▶ [Work instruction]:
Only the lines below from the one that holds "Descriptive Let the" through the one that holds "На территории отеля" should appear in the answer, copied exactly, end lines included and pictures omitted.

───── Data for this task ─────

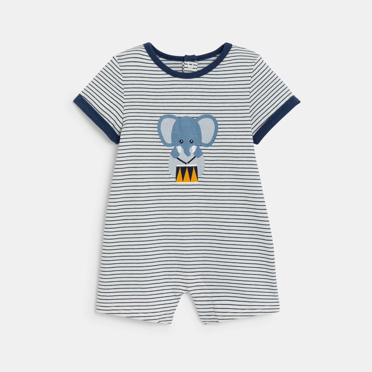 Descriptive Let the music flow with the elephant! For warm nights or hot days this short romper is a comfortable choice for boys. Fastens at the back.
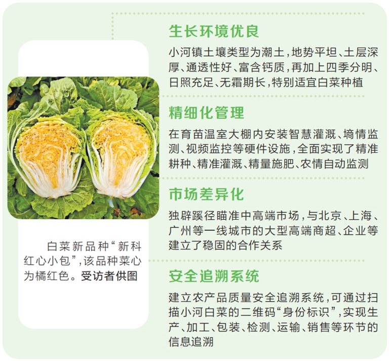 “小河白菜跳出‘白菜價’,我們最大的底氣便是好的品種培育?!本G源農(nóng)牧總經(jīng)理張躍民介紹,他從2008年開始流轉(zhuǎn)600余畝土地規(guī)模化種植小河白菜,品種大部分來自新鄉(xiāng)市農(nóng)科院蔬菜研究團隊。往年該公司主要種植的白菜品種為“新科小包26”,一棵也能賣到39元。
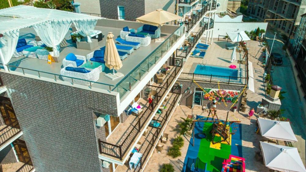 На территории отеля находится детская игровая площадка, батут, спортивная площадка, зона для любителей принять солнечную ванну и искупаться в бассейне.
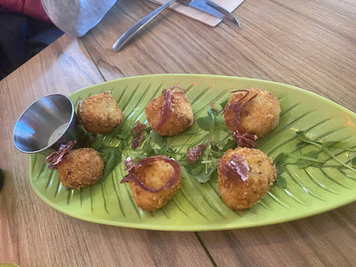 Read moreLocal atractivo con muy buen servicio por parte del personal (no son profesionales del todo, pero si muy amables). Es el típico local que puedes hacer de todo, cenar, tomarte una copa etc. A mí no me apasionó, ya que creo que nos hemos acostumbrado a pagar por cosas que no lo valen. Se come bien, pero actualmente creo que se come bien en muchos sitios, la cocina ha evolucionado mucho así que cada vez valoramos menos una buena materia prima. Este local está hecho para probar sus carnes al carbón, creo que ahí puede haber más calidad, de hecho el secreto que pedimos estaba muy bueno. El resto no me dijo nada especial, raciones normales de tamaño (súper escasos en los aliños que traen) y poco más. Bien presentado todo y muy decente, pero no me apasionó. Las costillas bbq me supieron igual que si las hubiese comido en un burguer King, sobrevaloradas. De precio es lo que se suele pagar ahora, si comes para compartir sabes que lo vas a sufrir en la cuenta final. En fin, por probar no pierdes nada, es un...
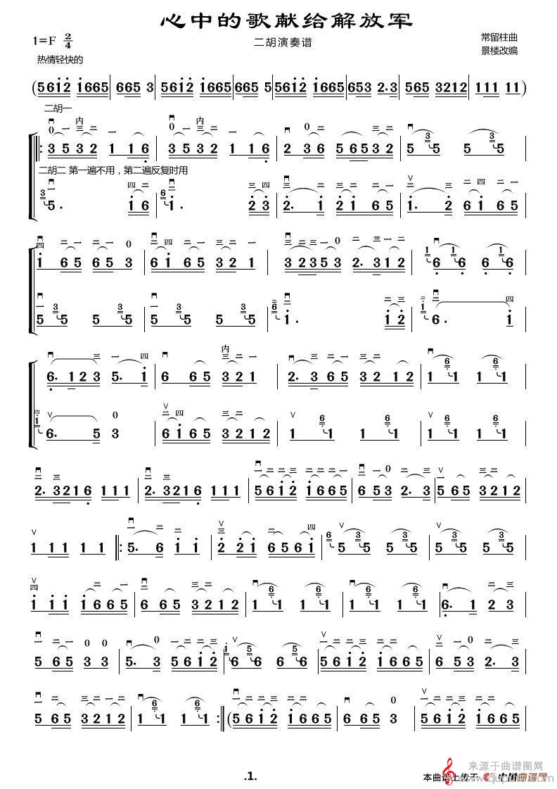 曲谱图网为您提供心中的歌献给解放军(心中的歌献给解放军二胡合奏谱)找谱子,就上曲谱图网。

─────
───── Data for this task ─────

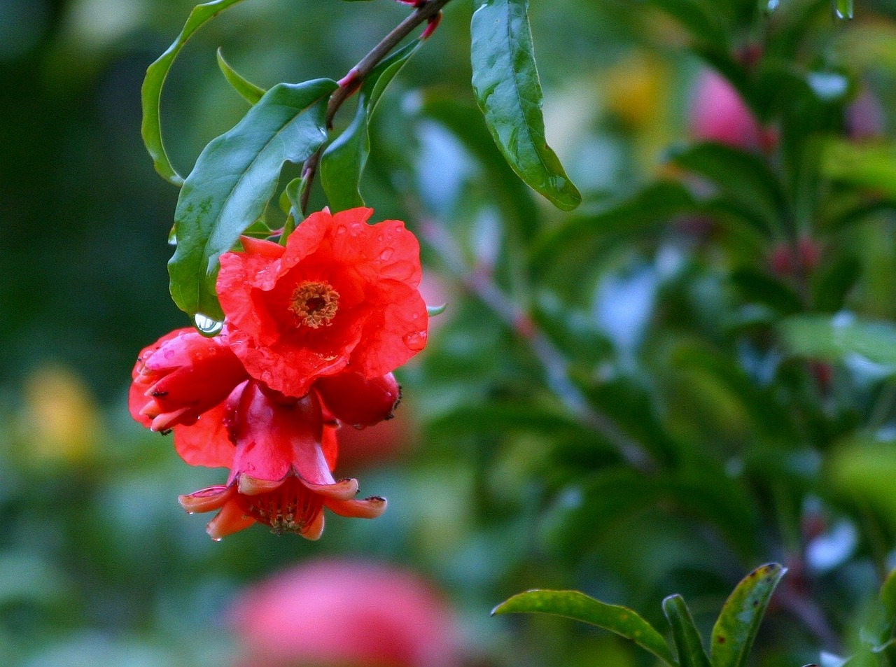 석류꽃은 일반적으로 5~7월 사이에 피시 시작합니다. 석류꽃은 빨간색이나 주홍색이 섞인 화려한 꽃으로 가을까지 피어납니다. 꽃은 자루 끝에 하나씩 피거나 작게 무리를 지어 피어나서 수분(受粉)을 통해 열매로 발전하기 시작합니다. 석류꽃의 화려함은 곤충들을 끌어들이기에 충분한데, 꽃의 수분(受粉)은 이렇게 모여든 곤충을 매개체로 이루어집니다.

─────

▶ [Task solution]:
 Descriptive Let the music flow with the elephant! For warm nights or hot days this short romper is a comfortable choice for boys. Fastens at the back.
 “小河白菜跳出‘白菜價’,我們最大的底氣便是好的品種培育?!本G源農(nóng)牧總經(jīng)理張躍民介紹,他從2008年開始流轉(zhuǎn)600余畝土地規(guī)模化種植小河白菜,品種大部分來自新鄉(xiāng)市農(nóng)科院蔬菜研究團隊。往年該公司主要種植的白菜品種為“新科小包26”,一棵也能賣到39元。
 На территории отеля находится детская игровая площадка, батут, спортивная площадка, зона для любителей принять солнечную ванну и искупаться в бассейне.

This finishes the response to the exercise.